Roosevelt “Buck” DeShazer, Sr., manages the restaurant.  The Wichita pastor grew up in Mississippi dealing drugs as early as 11 years old.  Buck tried to kill his stepfather.  Buck’s stepfather tried to kill him.  He was involved in shootouts and openly admits he could have died a few times over by now.  However, he found faith and began to realize there must have been a reason he survived.

Buck also knows once the juveniles he mentors get out of the justice system, there’s not much waiting for them except the gangs.  No one wants to hire them.  Old friends were part of what got them in trouble in the first place.  Family members often want nothing to do with them.  With nowhere to turn but the gang, telling a vulnerable young man, “Be good,” doesn’t go very far, does it?

“The reason why they’re in a gang is that sense of belonging,” says DeShazer.  “They get that sense of family, and so what we’re trying to do is let them know there is another life.  There is another way.  There is another family.”

Today, he mentors young men like Markeece Anderson.  The 18-year-old is serving time for robberies he committed for the gang he was a part of, and he had a very telling way of describing what Youth For Christ has done for him.

“(This is) taking time away from my hands to mess up or just think about doing something that’s going to get me in trouble,” Anderson told me.

The young men at City Life Cafe are nowhere near the gang member stereotype.  They’re courteous, work hard, and have already recognized the difference in an honest dollar and easy money.

Anderson will be released from the juvenile justice system this week.  His time with Youth For Christ’s work program (which includes yard work, light construction, etc.) has helped him pay back court fines and restitution.  He hopes to go to college soon and try to open his own barbershop someday.  Until now, he always assumed he’d sell drugs for the gang until he got older.

When he got older?  The imagination of the future goes blank there.  He didn’t know.  Like most gang members, he seems to understand he envisioned going forward business-as-usual…but already knew that wasn’t realistic.  It means (like many of those who’d already written him off as a statistic) he’d resigned himself to a destination of either prison or hell.

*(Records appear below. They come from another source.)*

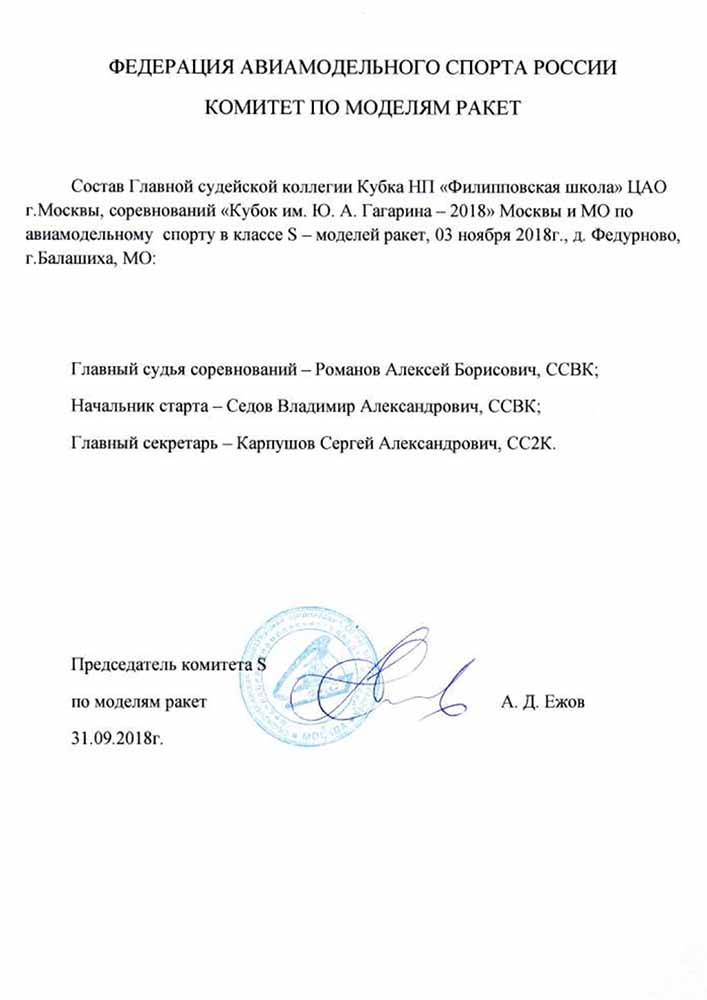 Данное Приложение является официальным приглашением на Кубок МОСКВЫ «КУБОК ИМ. Ю. А. ГАГАРИНА, 2018г.»
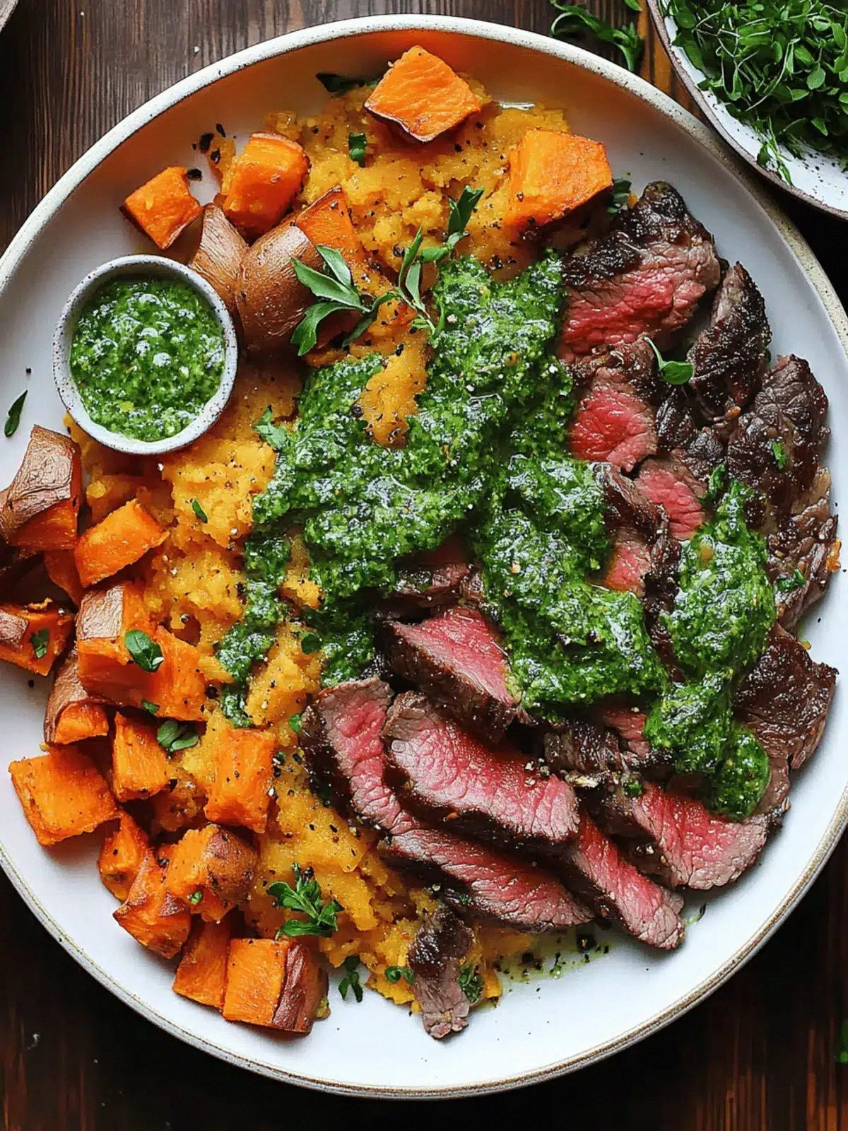 - Flavor: The green sauce marries basil, cilantro, and a touch of balsamic vinegar to create a tangy, herbaceous profile that cuts through the richness of the steak and sweet potatoes.
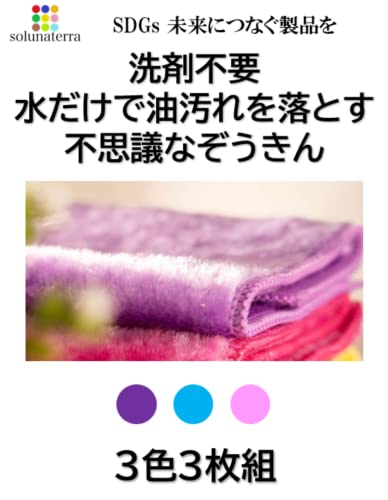 solunaterra ふきとりクロス 雑巾 水だけで落ちる ボアクロス マジッククロス 3枚組 30×26cm
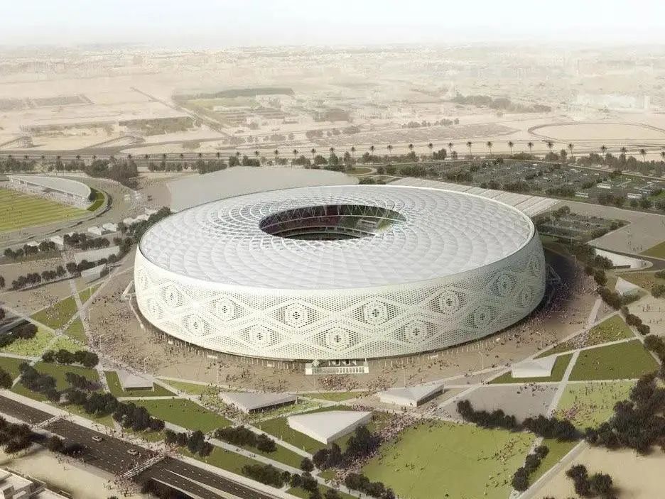 該球場(chǎng)是由卡塔爾建筑師Ibrahim M. Jaidah設(shè)計(jì)的,其設(shè)計(jì)靈感源自于阿拉伯男子佩戴的白色針織帽(Gahfiya),獨(dú)特的鏤空編織圖案極具阿拉伯特色,將阿拉伯當(dāng)?shù)仫L(fēng)情展現(xiàn)得淋漓盡致。
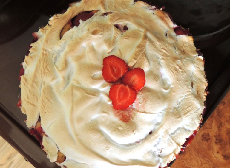 Все перемешать, выложить в форму, сверху уложить ягоды. Поставить в духовку 200 С на 30 минут. Тем временем, взбить 2 белка со 100 г сахарной пудры и щепоткой соли в густую пену и выложить эту массу на почти готовый пирог, увеличить температуру до 250 С, выпекать пока не подрумянится безе, около 2 минут. Посыпать сахарной пудрой перед подачей!
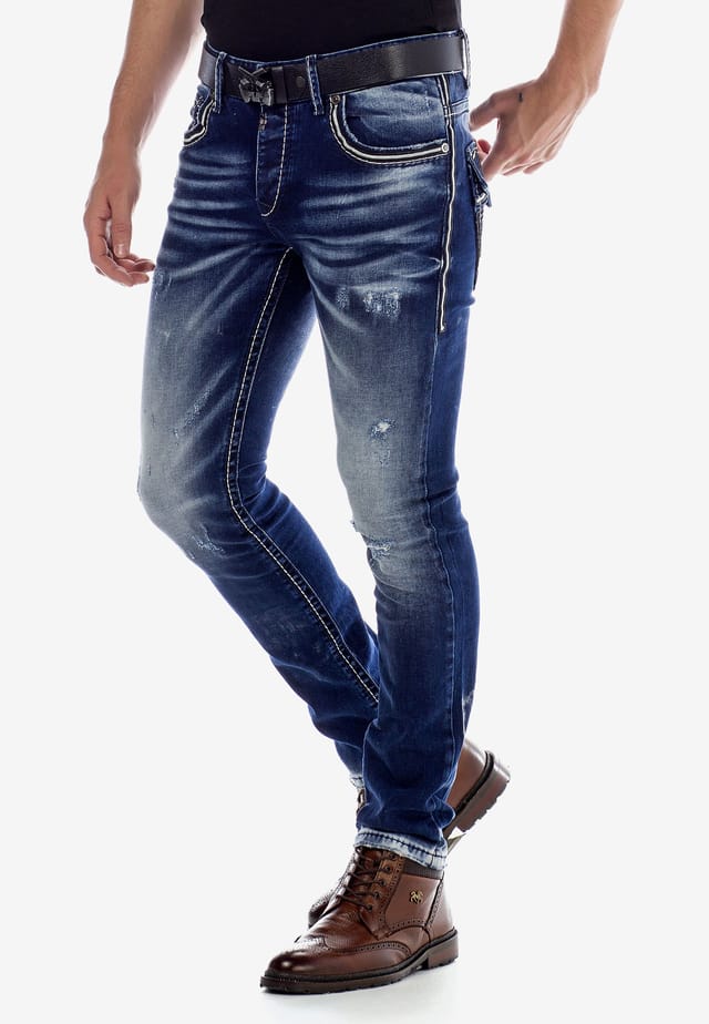 Джинсы прямого кроя с эффектом потертости Cipo & Baxx, синий
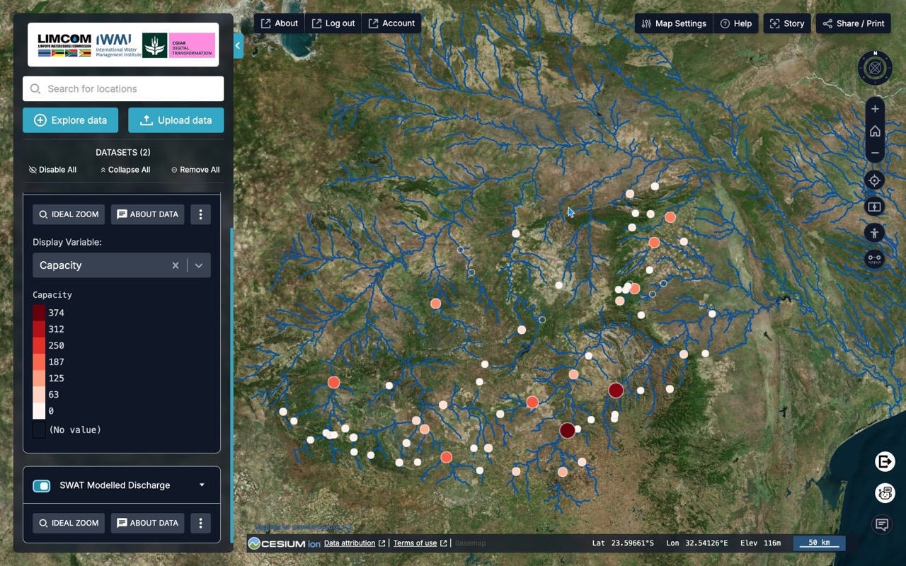 Using advanced hydrological modeling techniques, the Digital Twin simulates how water flows through the basin under different scenarios, including rainfall patterns, land use changes, and human activities such as irrigation and dam operations. This allows stakeholders to understand how different factors affect the overall hydrological system.
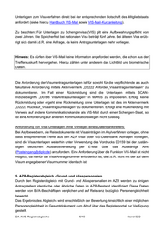 Unterlagen zum Visaverfahren direkt bei der entsprechenden Botschaft des Mitgliedstaats anfordert (siehe hierzu Handbuch VIS-Mail sowie VIS-Mail-Kurzanleitung). Zu beachten: Für Unterlagen zu Schengenvisa (VIS) gilt eine Aufbewahrungspflicht von zwei Jahren. Die Speicherfrist bei nationalen Visa beträgt fünf Jahre. Bei älteren Visa erüb- rigt sich damit i.d.R. eine Anfrage, da keine Antragsunterlagen mehr vorliegen. Hinweis: Es dürfen über VIS-Mail keine Information angefordert werden, die schon aus der Trefferauskunft hervorgehen. Hierzu zählen unter anderem das Lichtbild und biometrische Daten. Die Anforderung der Visumantragsunterlagen ist für sowohl für die verpflichtende als auch fakultative Anforderung mittels Aktenvermerk „D2222 Anforder_Visaantragsunterlagen“ zu dokumentieren. Im Fall einer Rückmeldung sind die Unterlagen mittels SCAN- Indizierbegriffs „D0786 VisaAntragsunterlagen“ in MARiS zu importieren. Erfolgt keine Rückmeldung oder ergeht eine Rückmeldung ohne Unterlagen ist dies im Aktenvermerk „D2223 Rücklauf_Visaantragsunterlagen“ zu dokumentieren. Erfolgt eine Rückmeldung mit Verweis auf andere Kommunikationskanäle als VIS-Mail durch einen Schengen-Staat, so ist eine Anforderung auf anderen Kommunikationswegen nicht zulässig. Anforderung von Visa-Unterlagen ohne Vorliegen eines Datenbanktreffers: Bei Asylbewerbern, die Reisedokumente mit Visaeinträgen im Asylverfahren vorlegen, ohne dass entsprechende Treffer aus den AZR Visa- oder VIS-Datenbank- Abfragen vorliegen, sind die Visaunterlagen weiterhin unter Verwendung des Vordrucks D0159 bei der zustän- digen deutschen Auslandsvertretung per E-Mail über das Auswärtige Amt (Posteingang@diplo.de) anzufordern. Eine Anforderung über die Funktion VIS-Mail ist nicht möglich, da hierfür die Visa-Antragsnummer erforderlich ist, die i.d.R. nicht mit der auf dem Visum angegebenen Visumnummer identisch ist. 5. AZR-Registerabgleich - Grund- und Aliaspersonalien Durch den Registerabgleich mit Grund- und Aliaspersonalien im AZR werden zu einigen Antragstellern identische oder ähnliche Daten im AZR-Bestand identifiziert. Diese Daten werden von BVA-Beschäftigen verglichen und auf Relevanz bezüglich Personengleichheit bewertet. Das Ergebnis des Abgleichs wird einschließlich der Bewertung hinsichtlich einer möglichen Personengleichheit im Gesamtdokument zum Abruf über das Registerportal zur Verfügung gestellt. DA-AVS: Registerabgleiche 6/10 Stand 02/2
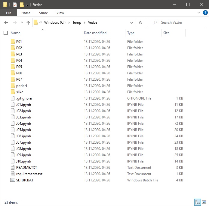 Први је да преузмеш пакет фајлова за вежбу и користиш Џупитер окружење на свом рачунару,
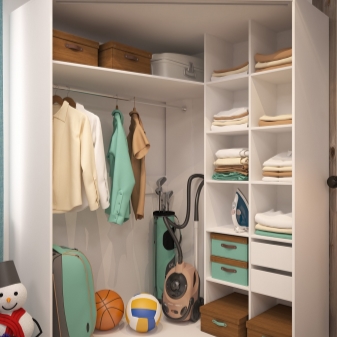 إذا كانت خزانة الزاوية الخاصة بك تحتوي على مقصورات طويلة بدون أرفف متقاطعة ، فاحفظها لتخزين المعدات الرياضية. على سبيل المثال ، زلاجات جبال الألب أو أعمدة الرحلات أو الملحقات – المظلات وعصي المشي وما إلى ذلك. الأدراج الصغيرة رائعة لتخزين القبعات والأوشحة والقفازات. ينطبق هذا على المواقف التي لا توجد فيها علاقات خاصة في الردهة للأشياء المدرجة..
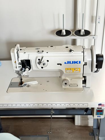 Simple operation. Industrial hook/shuttle. Built in dual feed walking foot and needle threader. Two speed foot control. Handy accessory compartment. Very reliable and professionally serviced and guaranteed. Very clean.

That’s a hell of a thing for a handful of mentors to turn around.  Right now, Buck and fellow mentor Dale McMullen can only handle nine young men at a time.

City Life Cafe is open Tuesday through Saturday serving breakfast and lunch.  Tuesday through Friday hours are 7:00 a.m. to 2:00 p.m.  On Saturday, it’s 10:00 a.m. to 5:00 p.m.  Buck likes everyone to know his southern fried catfish is the best in Wichita.

He and his boys have a lot of competition for the average Wichitan’s restaurant dollar.